┌──

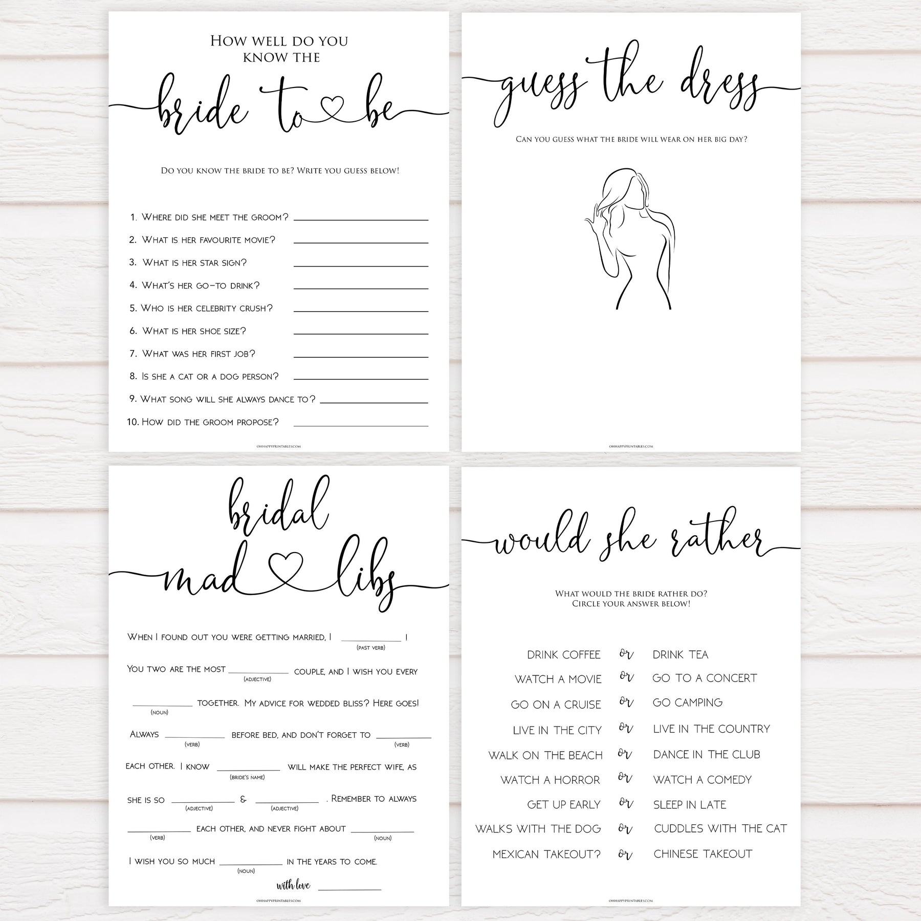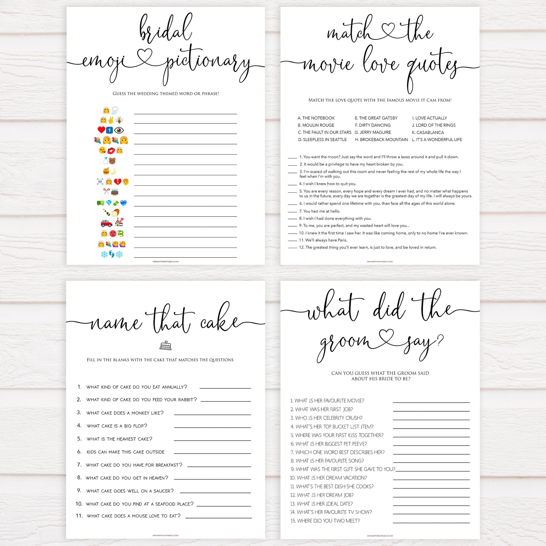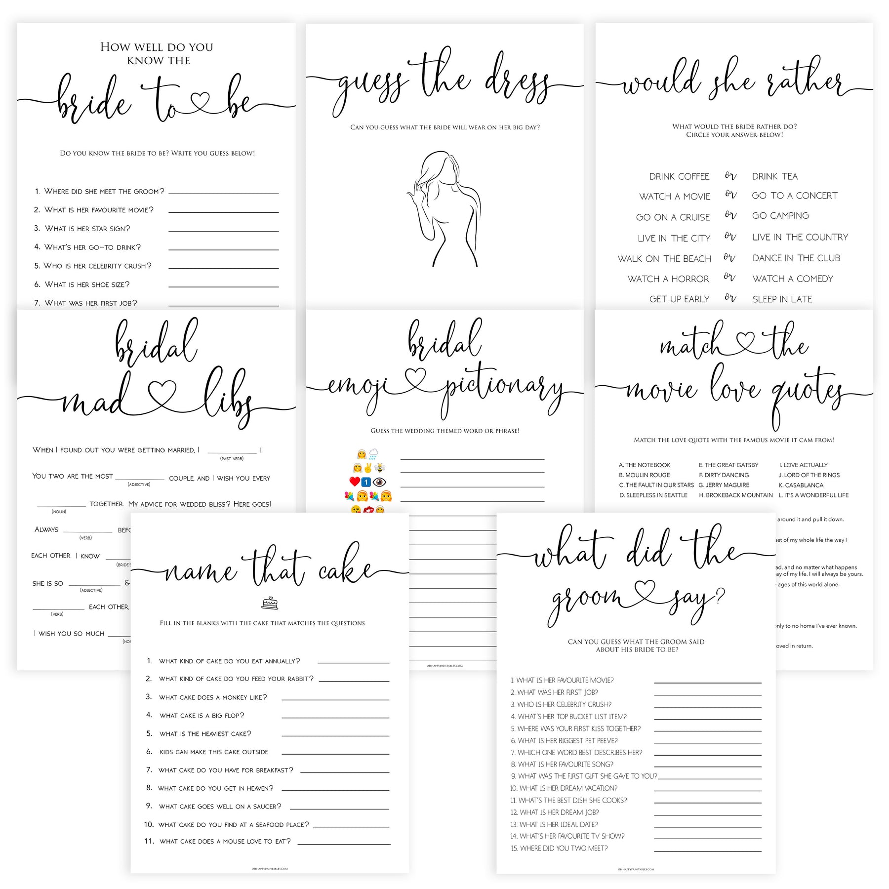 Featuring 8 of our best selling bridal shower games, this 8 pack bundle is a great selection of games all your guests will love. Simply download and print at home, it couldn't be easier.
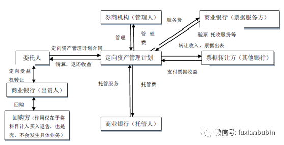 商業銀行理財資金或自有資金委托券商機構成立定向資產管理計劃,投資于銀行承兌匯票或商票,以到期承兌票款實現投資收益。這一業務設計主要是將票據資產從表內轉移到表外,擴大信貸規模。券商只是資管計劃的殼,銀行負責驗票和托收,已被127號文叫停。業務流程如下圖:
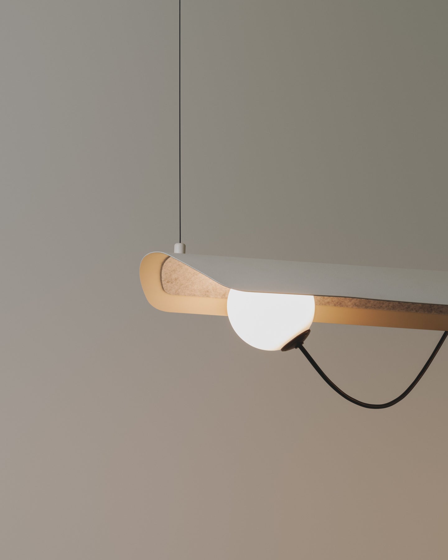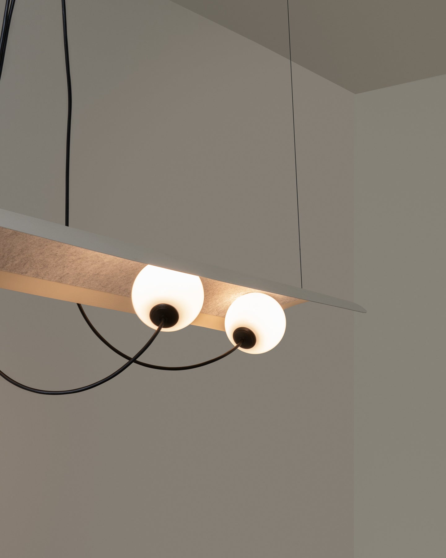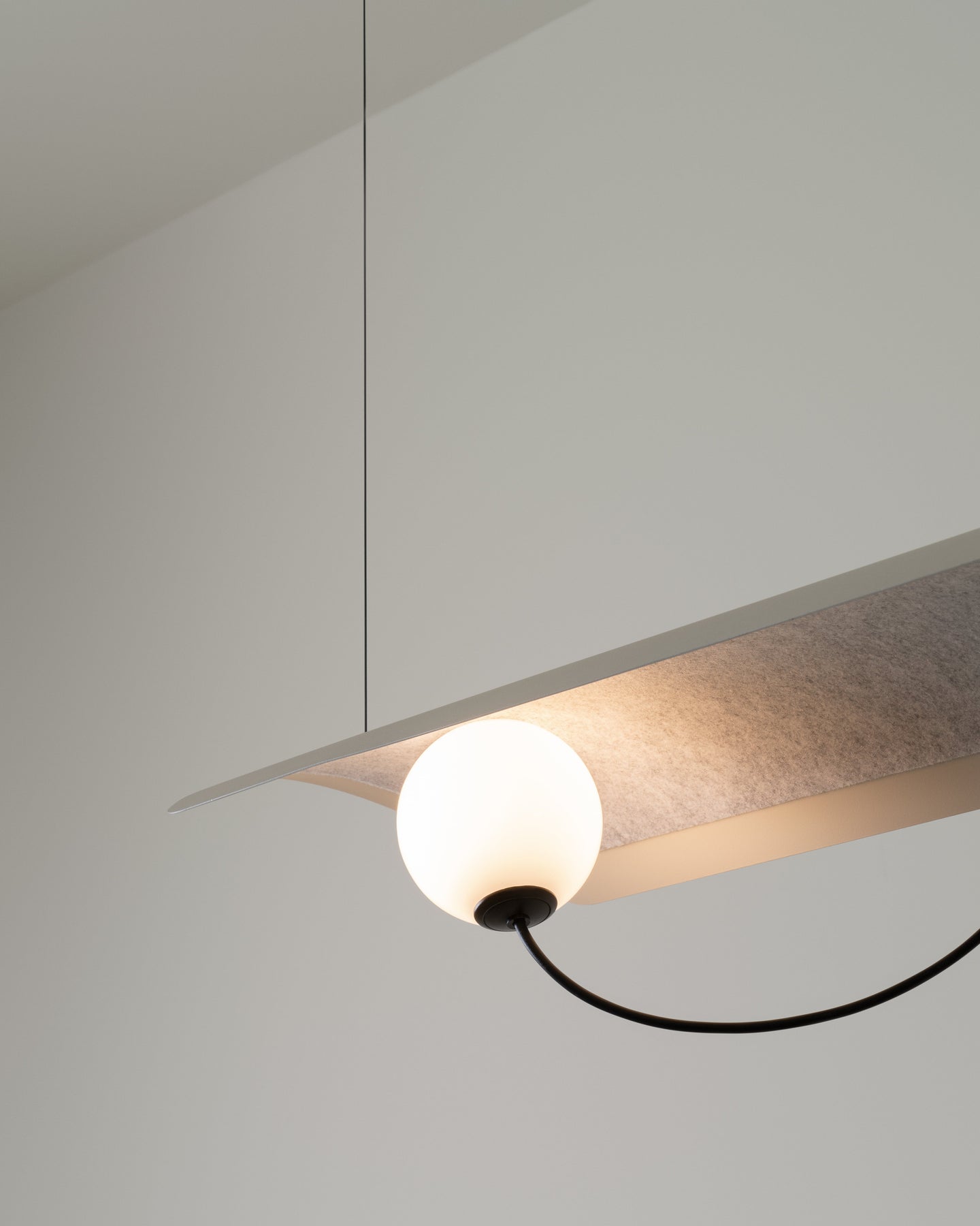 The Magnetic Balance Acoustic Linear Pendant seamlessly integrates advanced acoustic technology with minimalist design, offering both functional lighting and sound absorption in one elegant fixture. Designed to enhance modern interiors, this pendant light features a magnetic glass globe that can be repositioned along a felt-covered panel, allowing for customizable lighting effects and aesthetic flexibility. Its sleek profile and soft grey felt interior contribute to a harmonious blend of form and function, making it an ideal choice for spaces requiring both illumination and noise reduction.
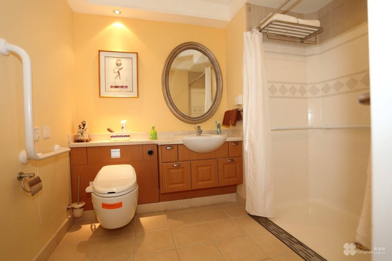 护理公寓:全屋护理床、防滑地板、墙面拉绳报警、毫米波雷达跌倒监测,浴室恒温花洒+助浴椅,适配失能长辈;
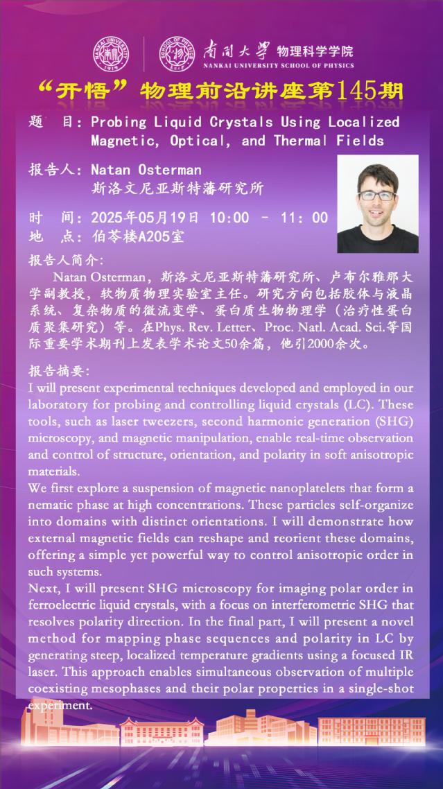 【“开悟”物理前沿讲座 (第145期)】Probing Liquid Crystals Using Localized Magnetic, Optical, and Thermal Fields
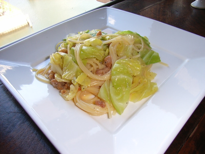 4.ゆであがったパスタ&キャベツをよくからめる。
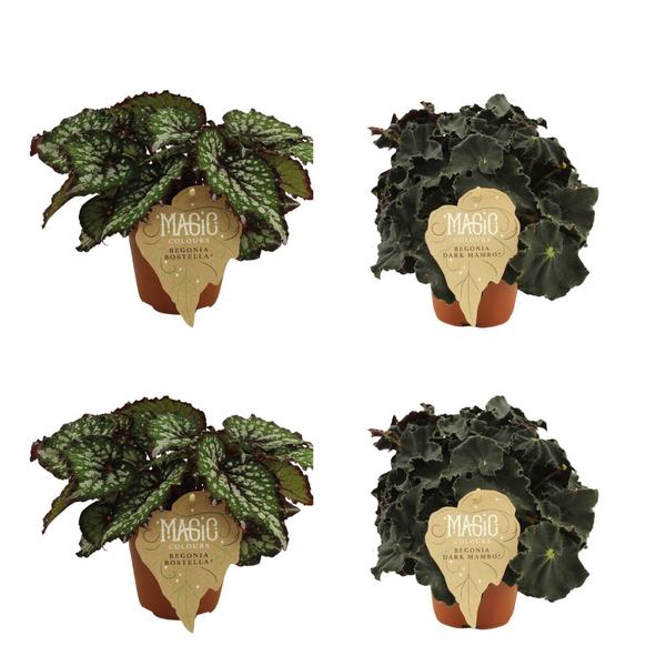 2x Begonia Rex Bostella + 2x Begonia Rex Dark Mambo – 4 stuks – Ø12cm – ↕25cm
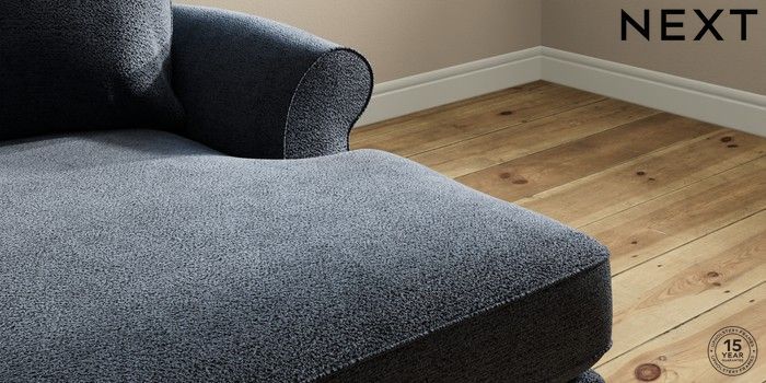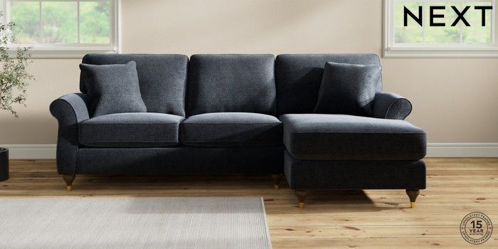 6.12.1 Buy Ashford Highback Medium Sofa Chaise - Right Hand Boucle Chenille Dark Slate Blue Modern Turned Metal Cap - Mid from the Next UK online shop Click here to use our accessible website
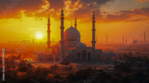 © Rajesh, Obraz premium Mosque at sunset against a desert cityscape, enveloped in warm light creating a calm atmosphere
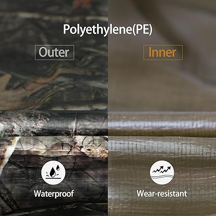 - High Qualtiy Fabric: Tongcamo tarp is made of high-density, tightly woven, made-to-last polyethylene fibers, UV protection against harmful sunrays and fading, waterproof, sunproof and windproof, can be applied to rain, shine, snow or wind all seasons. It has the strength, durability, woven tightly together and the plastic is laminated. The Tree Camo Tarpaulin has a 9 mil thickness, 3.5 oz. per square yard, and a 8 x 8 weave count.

└──

THE TASK
An exact copy of the records above is needed, with the pictures removed.

RESULT OF THIS EXERCISE
 Featuring 8 of our best selling bridal shower games, this 8 pack bundle is a great selection of games all your guests will love. Simply download and print at home, it couldn't be easier.
 商業銀行理財資金或自有資金委托券商機構成立定向資產管理計劃,投資于銀行承兌匯票或商票,以到期承兌票款實現投資收益。這一業務設計主要是將票據資產從表內轉移到表外,擴大信貸規模。券商只是資管計劃的殼,銀行負責驗票和托收,已被127號文叫停。業務流程如下圖:
 The Magnetic Balance Acoustic Linear Pendant seamlessly integrates advanced acoustic technology with minimalist design, offering both functional lighting and sound absorption in one elegant fixture. Designed to enhance modern interiors, this pendant light features a magnetic glass globe that can be repositioned along a felt-covered panel, allowing for customizable lighting effects and aesthetic flexibility. Its sleek profile and soft grey felt interior contribute to a harmonious blend of form and function, making it an ideal choice for spaces requiring both illumination and noise reduction.
 护理公寓:全屋护理床、防滑地板、墙面拉绳报警、毫米波雷达跌倒监测,浴室恒温花洒+助浴椅,适配失能长辈;
 【“开悟”物理前沿讲座 (第145期)】Probing Liquid Crystals Using Localized Magnetic, Optical, and Thermal Fields
 4.ゆであがったパスタ&キャベツをよくからめる。
 2x Begonia Rex Bostella + 2x Begonia Rex Dark Mambo – 4 stuks – Ø12cm – ↕25cm
 6.12.1 Buy Ashford Highback Medium Sofa Chaise - Right Hand Boucle Chenille Dark Slate Blue Modern Turned Metal Cap - Mid from the Next UK online shop Click here to use our accessible website
 © Rajesh, Obraz premium Mosque at sunset against a desert cityscape, enveloped in warm light creating a calm atmosphere
 - High Qualtiy Fabric: Tongcamo tarp is made of high-density, tightly woven, made-to-last polyethylene fibers, UV protection against harmful sunrays and fading, waterproof, sunproof and windproof, can be applied to rain, shine, snow or wind all seasons. It has the strength, durability, woven tightly together and the plastic is laminated. The Tree Camo Tarpaulin has a 9 mil thickness, 3.5 oz. per square yard, and a 8 x 8 weave count.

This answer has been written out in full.